SUPPLIED DATA below:
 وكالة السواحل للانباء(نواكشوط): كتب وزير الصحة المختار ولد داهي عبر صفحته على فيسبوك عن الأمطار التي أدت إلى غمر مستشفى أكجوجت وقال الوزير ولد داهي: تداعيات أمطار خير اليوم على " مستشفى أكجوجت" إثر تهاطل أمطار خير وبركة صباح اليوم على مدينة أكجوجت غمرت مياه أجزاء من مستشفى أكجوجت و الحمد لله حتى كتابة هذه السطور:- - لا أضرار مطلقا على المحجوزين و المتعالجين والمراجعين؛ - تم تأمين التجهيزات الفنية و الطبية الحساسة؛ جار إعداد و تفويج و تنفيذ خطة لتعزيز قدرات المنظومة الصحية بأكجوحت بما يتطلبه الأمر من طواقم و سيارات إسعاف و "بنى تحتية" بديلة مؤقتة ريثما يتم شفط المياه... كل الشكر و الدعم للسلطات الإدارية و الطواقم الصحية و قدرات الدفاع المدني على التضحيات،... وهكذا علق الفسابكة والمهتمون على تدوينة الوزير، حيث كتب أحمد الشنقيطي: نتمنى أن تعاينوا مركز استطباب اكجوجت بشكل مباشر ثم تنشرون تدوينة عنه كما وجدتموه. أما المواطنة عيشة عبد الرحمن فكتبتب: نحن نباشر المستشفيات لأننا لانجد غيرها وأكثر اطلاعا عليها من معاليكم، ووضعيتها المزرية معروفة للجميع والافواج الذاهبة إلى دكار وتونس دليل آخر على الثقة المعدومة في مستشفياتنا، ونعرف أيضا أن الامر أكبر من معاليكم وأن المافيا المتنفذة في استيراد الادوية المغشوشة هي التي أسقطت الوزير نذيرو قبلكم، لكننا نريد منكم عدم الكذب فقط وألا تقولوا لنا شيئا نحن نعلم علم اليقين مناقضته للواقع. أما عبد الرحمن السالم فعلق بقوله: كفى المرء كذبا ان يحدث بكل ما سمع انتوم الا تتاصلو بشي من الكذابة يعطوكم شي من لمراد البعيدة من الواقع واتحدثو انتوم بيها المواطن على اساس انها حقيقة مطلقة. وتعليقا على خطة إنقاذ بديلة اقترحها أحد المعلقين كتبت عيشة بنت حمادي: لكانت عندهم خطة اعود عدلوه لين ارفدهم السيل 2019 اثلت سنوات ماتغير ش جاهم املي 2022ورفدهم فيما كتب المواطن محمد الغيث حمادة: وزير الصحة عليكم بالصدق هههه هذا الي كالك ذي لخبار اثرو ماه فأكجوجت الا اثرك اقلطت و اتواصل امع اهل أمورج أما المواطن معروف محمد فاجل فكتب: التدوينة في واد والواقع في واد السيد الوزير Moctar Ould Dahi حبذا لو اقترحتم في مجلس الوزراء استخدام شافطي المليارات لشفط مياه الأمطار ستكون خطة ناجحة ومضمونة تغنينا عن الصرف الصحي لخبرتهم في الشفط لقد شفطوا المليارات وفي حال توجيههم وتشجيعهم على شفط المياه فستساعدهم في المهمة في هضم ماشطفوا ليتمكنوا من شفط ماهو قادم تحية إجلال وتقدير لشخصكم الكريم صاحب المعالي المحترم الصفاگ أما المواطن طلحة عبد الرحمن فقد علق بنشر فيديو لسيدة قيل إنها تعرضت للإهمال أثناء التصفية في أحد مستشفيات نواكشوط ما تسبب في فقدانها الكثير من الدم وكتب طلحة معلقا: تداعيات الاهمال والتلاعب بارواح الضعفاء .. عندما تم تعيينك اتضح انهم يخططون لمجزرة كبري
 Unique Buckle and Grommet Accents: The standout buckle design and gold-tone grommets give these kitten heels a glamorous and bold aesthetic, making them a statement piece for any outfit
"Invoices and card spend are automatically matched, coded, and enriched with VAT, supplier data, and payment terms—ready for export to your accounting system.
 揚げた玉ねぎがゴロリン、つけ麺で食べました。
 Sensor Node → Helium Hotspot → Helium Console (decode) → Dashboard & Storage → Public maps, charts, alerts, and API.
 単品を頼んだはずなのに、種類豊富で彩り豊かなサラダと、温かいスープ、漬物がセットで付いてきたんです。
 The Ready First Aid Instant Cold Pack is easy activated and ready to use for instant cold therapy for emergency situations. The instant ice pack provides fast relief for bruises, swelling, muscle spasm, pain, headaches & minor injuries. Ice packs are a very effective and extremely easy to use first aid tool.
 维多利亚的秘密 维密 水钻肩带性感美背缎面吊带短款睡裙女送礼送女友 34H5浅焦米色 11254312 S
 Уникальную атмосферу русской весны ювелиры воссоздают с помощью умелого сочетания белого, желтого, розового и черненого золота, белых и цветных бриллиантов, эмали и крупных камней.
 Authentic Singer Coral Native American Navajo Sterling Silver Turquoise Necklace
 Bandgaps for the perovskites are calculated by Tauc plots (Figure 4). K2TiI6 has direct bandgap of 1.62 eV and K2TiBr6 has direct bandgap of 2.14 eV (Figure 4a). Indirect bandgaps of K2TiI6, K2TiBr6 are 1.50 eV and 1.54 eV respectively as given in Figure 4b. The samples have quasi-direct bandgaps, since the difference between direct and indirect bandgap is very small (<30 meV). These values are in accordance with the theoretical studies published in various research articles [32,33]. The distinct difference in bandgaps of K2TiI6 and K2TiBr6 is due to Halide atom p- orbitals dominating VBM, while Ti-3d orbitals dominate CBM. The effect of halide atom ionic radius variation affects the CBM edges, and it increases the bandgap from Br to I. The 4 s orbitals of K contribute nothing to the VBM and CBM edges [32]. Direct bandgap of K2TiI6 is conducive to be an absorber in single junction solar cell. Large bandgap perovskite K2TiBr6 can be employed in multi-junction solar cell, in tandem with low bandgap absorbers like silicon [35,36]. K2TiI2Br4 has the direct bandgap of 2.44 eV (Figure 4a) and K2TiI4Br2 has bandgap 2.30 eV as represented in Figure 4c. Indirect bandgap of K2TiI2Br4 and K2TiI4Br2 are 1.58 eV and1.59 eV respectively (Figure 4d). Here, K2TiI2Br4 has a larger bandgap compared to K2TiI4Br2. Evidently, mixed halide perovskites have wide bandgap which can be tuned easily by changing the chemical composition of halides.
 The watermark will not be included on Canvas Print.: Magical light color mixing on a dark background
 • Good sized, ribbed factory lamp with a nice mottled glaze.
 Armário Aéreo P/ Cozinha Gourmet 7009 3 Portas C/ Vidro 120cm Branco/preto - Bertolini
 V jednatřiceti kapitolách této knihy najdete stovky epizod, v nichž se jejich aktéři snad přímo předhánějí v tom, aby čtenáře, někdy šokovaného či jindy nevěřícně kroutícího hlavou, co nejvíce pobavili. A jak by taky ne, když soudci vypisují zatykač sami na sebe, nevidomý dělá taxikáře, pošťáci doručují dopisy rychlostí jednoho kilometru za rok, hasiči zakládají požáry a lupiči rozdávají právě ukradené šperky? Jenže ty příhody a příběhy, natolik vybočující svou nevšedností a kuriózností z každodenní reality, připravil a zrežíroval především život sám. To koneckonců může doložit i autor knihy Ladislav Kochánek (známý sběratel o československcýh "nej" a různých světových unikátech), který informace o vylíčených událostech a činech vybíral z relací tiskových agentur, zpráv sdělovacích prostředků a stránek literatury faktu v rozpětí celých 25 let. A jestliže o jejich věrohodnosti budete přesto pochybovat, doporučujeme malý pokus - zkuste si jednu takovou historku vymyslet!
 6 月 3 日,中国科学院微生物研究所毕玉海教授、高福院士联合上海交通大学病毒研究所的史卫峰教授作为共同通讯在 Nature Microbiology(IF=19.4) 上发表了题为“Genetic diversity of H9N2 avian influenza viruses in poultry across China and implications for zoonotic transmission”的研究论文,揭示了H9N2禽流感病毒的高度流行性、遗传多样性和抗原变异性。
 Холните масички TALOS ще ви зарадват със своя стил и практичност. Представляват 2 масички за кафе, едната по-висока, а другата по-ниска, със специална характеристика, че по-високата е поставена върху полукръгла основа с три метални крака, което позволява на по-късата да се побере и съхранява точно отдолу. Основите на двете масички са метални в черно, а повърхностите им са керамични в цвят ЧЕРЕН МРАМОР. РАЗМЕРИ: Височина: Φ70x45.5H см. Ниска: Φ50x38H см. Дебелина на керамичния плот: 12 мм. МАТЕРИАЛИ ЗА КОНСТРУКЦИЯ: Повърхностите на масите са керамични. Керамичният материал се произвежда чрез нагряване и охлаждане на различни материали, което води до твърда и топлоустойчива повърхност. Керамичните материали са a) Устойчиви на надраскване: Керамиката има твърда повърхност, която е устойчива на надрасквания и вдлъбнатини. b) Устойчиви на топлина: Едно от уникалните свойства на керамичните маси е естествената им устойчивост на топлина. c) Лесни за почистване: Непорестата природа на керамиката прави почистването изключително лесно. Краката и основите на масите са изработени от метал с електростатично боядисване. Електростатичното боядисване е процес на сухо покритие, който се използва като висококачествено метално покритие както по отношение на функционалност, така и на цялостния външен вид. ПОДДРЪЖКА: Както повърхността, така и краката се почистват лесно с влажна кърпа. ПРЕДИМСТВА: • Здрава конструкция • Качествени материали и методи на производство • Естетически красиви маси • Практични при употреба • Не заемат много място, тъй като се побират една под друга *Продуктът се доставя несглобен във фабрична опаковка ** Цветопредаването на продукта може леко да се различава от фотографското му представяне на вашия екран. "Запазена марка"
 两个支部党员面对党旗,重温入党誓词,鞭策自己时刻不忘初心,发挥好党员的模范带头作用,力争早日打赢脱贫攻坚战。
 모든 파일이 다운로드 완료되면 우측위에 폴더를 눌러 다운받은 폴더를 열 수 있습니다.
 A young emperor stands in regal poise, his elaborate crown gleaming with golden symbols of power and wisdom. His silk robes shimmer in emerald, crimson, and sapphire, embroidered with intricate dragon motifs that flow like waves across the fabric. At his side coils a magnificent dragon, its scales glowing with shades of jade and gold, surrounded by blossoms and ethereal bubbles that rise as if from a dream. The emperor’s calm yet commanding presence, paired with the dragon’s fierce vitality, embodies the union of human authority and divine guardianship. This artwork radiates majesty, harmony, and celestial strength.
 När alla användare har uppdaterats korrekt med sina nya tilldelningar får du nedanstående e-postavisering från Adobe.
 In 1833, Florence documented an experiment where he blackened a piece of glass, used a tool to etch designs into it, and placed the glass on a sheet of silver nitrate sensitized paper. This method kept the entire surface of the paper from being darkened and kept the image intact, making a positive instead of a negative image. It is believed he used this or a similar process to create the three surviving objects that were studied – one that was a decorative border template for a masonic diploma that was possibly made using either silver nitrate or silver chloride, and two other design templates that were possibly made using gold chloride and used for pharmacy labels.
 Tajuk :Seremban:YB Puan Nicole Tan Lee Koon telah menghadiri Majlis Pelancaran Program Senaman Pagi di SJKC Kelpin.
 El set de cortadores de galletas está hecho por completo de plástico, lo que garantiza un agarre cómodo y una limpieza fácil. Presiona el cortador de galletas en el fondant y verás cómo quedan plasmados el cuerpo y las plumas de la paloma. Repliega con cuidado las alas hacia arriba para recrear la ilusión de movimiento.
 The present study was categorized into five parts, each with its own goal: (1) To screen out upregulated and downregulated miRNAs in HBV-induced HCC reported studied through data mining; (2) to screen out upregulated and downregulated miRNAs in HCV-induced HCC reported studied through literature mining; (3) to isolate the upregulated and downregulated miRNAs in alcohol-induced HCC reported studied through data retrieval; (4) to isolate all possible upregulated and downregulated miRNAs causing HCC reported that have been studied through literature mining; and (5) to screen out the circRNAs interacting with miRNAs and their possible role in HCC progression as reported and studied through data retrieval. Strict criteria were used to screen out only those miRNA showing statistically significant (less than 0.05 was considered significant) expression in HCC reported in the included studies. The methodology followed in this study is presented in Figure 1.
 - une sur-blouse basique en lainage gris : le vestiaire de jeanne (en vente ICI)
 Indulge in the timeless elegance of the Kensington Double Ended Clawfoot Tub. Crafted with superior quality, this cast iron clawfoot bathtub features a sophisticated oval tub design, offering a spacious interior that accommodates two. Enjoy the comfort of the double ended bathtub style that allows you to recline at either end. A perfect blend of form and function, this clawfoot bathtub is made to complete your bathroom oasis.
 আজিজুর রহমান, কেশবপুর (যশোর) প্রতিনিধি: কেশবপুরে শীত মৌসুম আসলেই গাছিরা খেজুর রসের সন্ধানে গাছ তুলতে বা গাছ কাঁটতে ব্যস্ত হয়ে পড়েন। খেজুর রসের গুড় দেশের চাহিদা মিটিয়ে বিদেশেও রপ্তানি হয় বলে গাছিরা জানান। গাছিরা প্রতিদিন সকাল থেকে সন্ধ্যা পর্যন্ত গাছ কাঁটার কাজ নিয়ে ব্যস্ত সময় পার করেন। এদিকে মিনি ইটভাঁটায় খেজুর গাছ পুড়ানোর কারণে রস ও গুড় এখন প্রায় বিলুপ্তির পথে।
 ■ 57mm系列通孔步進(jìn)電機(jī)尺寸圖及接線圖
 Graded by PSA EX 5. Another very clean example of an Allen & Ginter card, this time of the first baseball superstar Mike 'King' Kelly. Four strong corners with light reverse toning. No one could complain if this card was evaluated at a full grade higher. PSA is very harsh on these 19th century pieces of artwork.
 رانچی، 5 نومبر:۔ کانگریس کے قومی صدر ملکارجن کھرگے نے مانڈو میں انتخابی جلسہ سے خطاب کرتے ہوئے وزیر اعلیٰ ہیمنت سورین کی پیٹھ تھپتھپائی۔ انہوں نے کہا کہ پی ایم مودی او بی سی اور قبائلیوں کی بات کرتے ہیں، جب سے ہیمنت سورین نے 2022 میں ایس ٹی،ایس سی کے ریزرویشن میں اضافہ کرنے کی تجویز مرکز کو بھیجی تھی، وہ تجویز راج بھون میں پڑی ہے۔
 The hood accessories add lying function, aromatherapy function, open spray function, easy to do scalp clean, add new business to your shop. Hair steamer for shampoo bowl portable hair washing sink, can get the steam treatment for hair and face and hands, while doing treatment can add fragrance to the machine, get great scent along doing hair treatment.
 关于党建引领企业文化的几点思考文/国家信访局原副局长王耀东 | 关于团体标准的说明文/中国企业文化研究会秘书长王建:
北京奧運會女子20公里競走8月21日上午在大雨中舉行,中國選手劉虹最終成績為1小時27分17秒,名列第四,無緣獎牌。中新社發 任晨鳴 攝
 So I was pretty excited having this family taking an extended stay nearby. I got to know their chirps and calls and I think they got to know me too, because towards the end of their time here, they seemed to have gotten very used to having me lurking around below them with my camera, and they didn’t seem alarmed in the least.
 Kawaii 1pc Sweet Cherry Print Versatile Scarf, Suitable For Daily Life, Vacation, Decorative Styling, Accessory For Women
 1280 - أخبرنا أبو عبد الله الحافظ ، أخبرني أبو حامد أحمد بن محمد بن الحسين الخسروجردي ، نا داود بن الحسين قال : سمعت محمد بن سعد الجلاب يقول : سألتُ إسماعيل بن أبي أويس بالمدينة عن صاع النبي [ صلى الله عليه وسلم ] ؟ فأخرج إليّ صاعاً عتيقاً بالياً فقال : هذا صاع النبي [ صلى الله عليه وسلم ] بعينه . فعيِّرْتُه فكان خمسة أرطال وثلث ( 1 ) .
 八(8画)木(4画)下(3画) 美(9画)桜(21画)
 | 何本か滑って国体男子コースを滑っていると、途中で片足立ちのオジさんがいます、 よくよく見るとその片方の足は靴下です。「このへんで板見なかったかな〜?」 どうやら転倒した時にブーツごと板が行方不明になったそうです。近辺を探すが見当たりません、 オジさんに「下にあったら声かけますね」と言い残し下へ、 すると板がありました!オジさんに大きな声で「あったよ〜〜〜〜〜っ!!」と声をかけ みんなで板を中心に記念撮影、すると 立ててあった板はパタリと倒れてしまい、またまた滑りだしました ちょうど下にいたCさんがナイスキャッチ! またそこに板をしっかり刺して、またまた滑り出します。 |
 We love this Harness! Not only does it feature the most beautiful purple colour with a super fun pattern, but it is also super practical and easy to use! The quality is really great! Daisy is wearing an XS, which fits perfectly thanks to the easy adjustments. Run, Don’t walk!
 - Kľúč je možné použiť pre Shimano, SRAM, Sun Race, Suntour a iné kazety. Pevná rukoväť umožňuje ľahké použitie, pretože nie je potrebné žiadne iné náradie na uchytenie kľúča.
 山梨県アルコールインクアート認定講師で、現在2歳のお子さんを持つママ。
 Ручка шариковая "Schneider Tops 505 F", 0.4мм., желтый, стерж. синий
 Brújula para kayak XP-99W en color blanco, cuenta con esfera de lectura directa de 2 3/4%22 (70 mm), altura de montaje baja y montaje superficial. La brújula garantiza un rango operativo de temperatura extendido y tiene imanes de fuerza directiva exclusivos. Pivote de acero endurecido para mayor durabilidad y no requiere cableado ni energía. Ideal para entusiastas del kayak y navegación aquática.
End of SUPPLIED DATA.
> DIRECTIONS FOR THIS TASK
If a line in the entries above has the word "quality", copy it.

> YOUR SOLUTION
 Indulge in the timeless elegance of the Kensington Double Ended Clawfoot Tub. Crafted with superior quality, this cast iron clawfoot bathtub features a sophisticated oval tub design, offering a spacious interior that accommodates two. Enjoy the comfort of the double ended bathtub style that allows you to recline at either end. A perfect blend of form and function, this clawfoot bathtub is made to complete your bathroom oasis.
 We love this Harness! Not only does it feature the most beautiful purple colour with a super fun pattern, but it is also super practical and easy to use! The quality is really great! Daisy is wearing an XS, which fits perfectly thanks to the easy adjustments. Run, Don’t walk!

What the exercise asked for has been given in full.